Гамильтон провел несколько сезонов в экспедициях, облазив все медвежьи углы на севере Британской Колумбии. Там начался его бурный роман с динамитом — вполне закономерное развитие склонности к пиромании, проявлявшейся у него с первого класса: муравейник — жидкость, разжигающая уголь для барбекю — картонные коробки из-под булочек для гамбургеров — и большое увеличительное стекло.

В 1985 году он получил диплом по геологии и допуск к взрывным работам, что дало ему возможность в течение нескольких последующих лет пребывать в подлинно счастливом состоянии — он мотался по всей провинции, взрывая горы, превращая скалы в щебень.

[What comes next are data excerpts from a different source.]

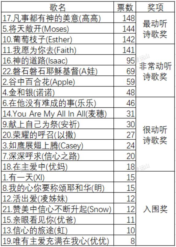再次感谢所有参与推荐和投票的弟兄姊妹!
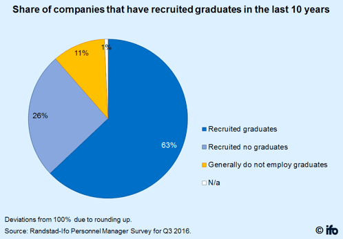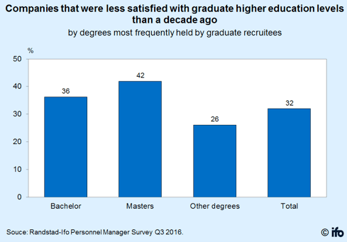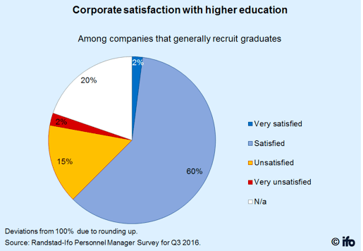 En la última encuesta realizada por el prestigioso Instituto alemán IFO, en colaboración con la empresa Randstad, sobre la satisfacción de las empresas alemanas respecto a la preparación de los licenciados y posgrados contratados durante los últimos 10 años, casi una de cada tres empresas manifestó que está menos satisfecha con los niveles de educación de los graduados que hace diez años.
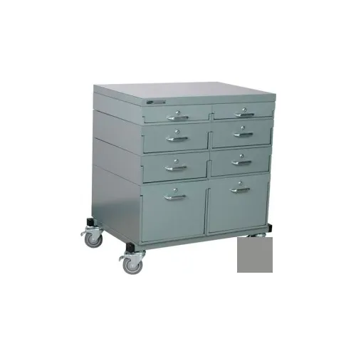 Stackbin® Counter Height Mobile Cabinet with 8 Drawers & Steel Top, 32"W x 24"D x 35"H, Gray
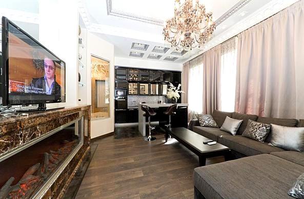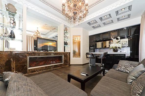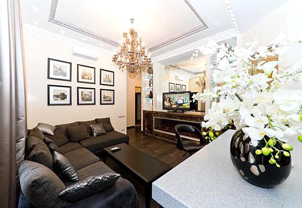 Convertible This ultra luxurious and stylish one-bedroom apartment is located in the absolute heart of Kiev, directly next to the main street of Kreschatik and just five minute walk to the Independence square. Dozens of cafes, nightclubs and restaurants are located all around along with all downtown landmarks. The apartment is absolutely one of a kind and is located on the 2nd floor of a building with elevator and door coded common entrance.
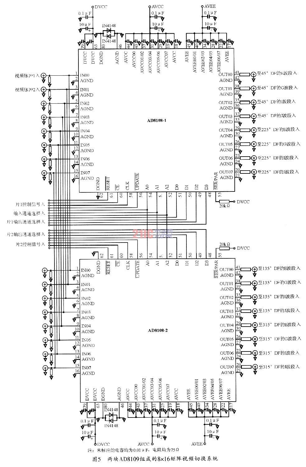 時,可將它們與AD8116配合使用。圖5所示是使用2片AD8108組成的8x16視頻切換系統(tǒng),該系統(tǒng)可實現(xiàn)8路輸入中的任一路向16路輸出中的任一

Лайнус стал инженером-электротехником, что никого не удивило. После окончания учебы он перебрался в центр — поближе к новой работе. Виделись мы редко. Его жизнь казалась скучной. Он слишком рано повзрослел.

Добродетельная Венди поступила в университет учиться на врача-реаниматолога. Жизнь студента-медика такова, что следующие десять лет виделись мы с Венди лишь когда она, измученная недосыпанием, всплывала глотнуть воздуха — красные глаза, мятая одежка и озабоченное лицо с сеточкой морщин у глаз. Пообедав с ней как-то раз, мы с Гамильтоном узнали об основных кошмарах медработника: тридцатишестичасовой рабочий день, склочные дежурные сестры и вредоносные бактерии, притаившиеся на каждом шагу.

— Я почти все время ощущаю себя пакетом со скисшим молоком, — сказала Венди. — Но мне нравится эта работа.

Гамильтон извлек из кармана пузырек с «Визином» и сказал Венди, чтобы та запрокинула голову. Закапав ей в глаза, он пояснил: не желаю, чтобы на меня смотрели таким забитым взглядом.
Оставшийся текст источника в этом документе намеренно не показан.